In 1958, Cooper moved to Brown University in Providence, Rhode Island, where he held several professorships. He made the unusual move of taking up research in theoretical biology, studying the behavior of the nervous system and developing special types of computer circuits that mimic animal nervous systems. Much of his work has been aimed at developing a theory of the central nervous system. In 1978, he became director of the Center for Neural Science at Brown. The Center was founded in 1973 to study animal nervous systems and the human brain. Cooper and his colleagues work toward an understanding of memory and other brain functions, aiming to formulate a scientific model of how the human mind works.
In 1975, Cooper helped found Nestor, Inc., to develop computer software and hardware systems called neural networks, which attempt to imitate the networks of nerve cells in the brain and its behavioral processes. Scientists working with this form of artificial intelligence are involved with designing computer systems that apply neural modeling concepts to technological problems. Such a computer system is not programmed in the same way as a conventional computer, but instead is designed to learn by example to recognize complex patterns. Nestor became an industry leader in applying neuralnetwork systems to commercial and military applications. By 2001, Nestor had become involved in video-based monitoring systems and services for traffic safety.
With a colleague, Cooper developed a software system that could recognize and transform handwritten letters into typed characters. The International Business Machines Corporation (IBM) introduced the system in 1987.
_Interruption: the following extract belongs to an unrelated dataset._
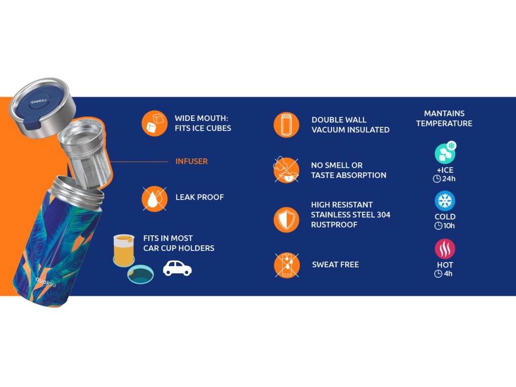 Termohrnček Quokka Boost z vysoko kvalitnej dvojstennej ocele so spoľahlivým, 100% tesniacim uzáverom udrží váš nápoj podľa potreby teplý či studený. Termohrnček udrží teplotu studeného nápoja s ľadom až 24 hodín, studeného nápoja až 10 hodín a teplého nápoja až 4 hodiny.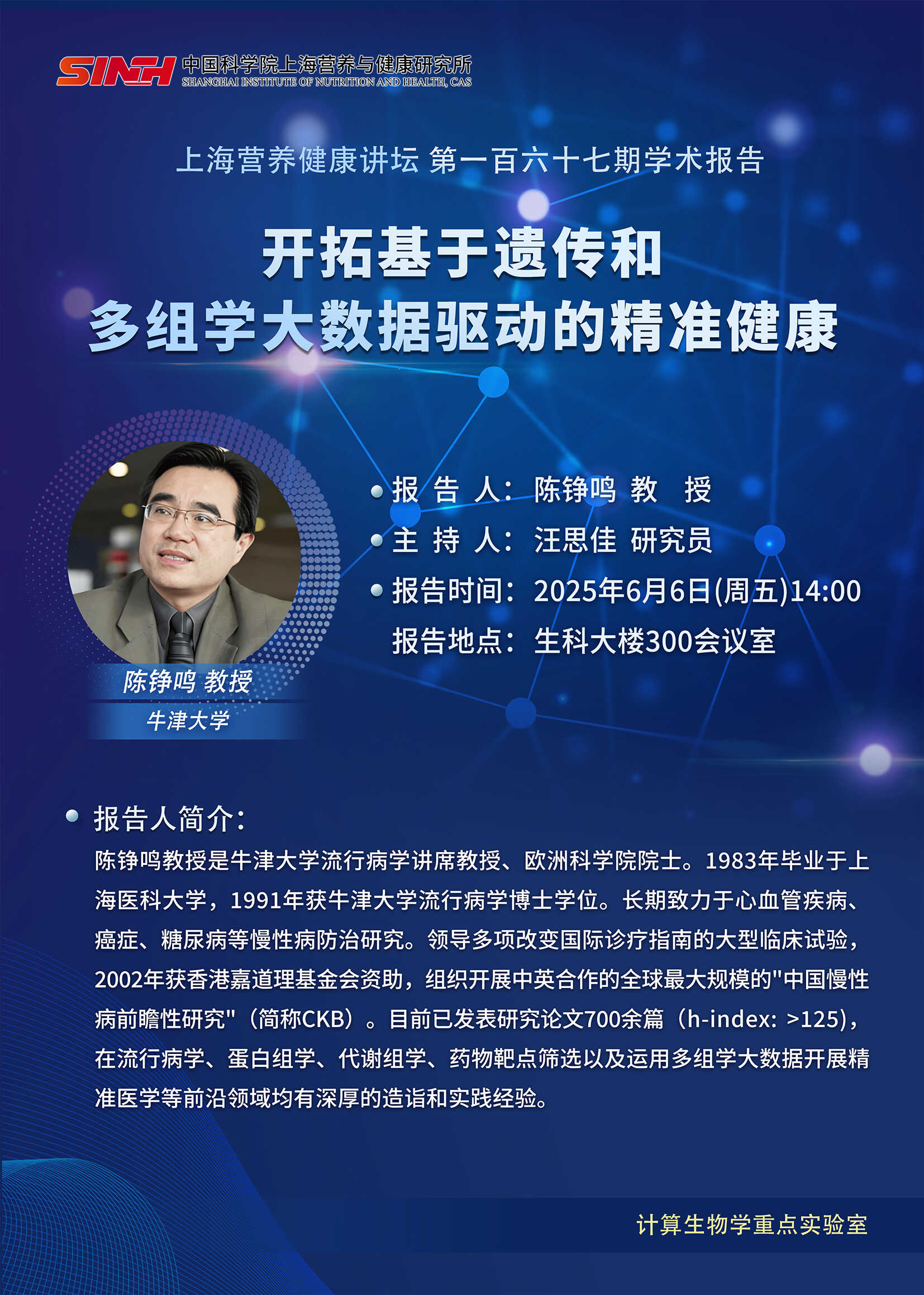 6月6日|開拓基于遺傳和多組學大數據驅動的精準健康-上海營養健康講壇

In 1991, Cooper became the first director of Brown University's Institute for Brain and Neural Systems. The institute brings together mathematicians, psychologists, engineers, physicists, linguists, computer scientists, and biologists to study the workings of the brains and nervous systems of the higher animals, including human beings.
Cooper has been awarded seven honorary degrees. He is a member of the American Academy of Arts and Sciences, the American Physical Society, the National Academy of Sciences, the American Philosophical Society, and a sponsor of the Federation of American Scientists. In 1968, along with Schrieffer, he was awarded the Comstock Prize of the National Academy of Sciences.